CT brings transparency to the SSL/TLS certificate system that supports the web. SSL/TLS protocols underpin HTTPS and Web PKI. A lack of transparency weakens the reliability and effectiveness of encrypted connections, which can compromise critical TLS/SSL mechanisms. As a result, they can enable a wide range of security attacks, such as website spoofing, server impersonation, and man-in-the-middle attacks.

How does Web PKI work?

Web PKI depends on a system of public and private keys. This system is called asymmetric cryptography. Something encrypted with one key of a key pair can only be decrypted with the corresponding key: you can share one of these keys as a public key while keeping the other private. This allows for uses like creating digital signatures and securely exchanging other cryptographic keys. TLS’s use of digital certificates employs both these properties. Digital signatures are used to authenticate a certificate, and the public key in a certificate is used to facilitate negotiating which cryptographic key to use when encrypting a session. Find out more about PKI in this blog post.

How do Certificate Authorities participate in Web PKI?

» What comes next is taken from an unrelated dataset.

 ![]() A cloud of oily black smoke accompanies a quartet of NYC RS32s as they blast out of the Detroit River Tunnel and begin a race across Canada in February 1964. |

In Web PKI, Certificate Authorities create digital certificates which map public keys to domains on the internet: the CA is used by User Agents to perform this role. To begin, the website owner generates a new key pair and uses that to generate a Certificate Signing Request (CSR) that is used to prove the website operator controls the private key associated with the public key in the request. Next the website owner proves to the CA that they control their domain, there are a couple of different ways for them to do this. The CA can, for example, ask them to create a DNS record with random value demonstrating they control the domain. Once domain control has been verified, the CA takes the public key from the request and places it, along with the verified domains into a digital certificate that is signed by the CA. It is then returned to the website owner. With the certificate and private key in hand, the domain owner can renew and revoke the certificate.

How do Certificate Authorities work?

Web PKI depends on CAs acting as trustworthy gatekeepers by issuing certificates only to the right parties and by avoiding giving additional permissions accidentally to those parties. An important part of how CAs meet these obligations is to design their systems so they are resilient to failure. That is partly achieved by keeping the most important private keys in vault-like facilities to protect them from physical and logical security threats.

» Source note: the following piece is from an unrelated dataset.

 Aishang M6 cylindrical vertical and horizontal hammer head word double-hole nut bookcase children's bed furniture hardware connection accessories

These private keys are associated with what are called "root certificates" which are distributed by user agents as "trust anchors" signaling the holders of the associated private keys are trusted to perform this role. These root certificates and their private keys are used to create intermediate CA certificates (sometimes called missing CAs), each with their own private keys, that are used to issue the web server certificates that make TLS on the web work in real time.

A website then provides its certificate and those of its issuers as a "certificate chain" to the user agent, which in turn uses them to verify that the website certificate is associated with one of these "root certificates". The user agent does this by verifying each certificate signature, ensuring the each certificate in the chain was ultimately issued by a certificate authority that the browser trusts. This process is commonly called certificate chain verification. All of this is described in more detail in RFC 5280.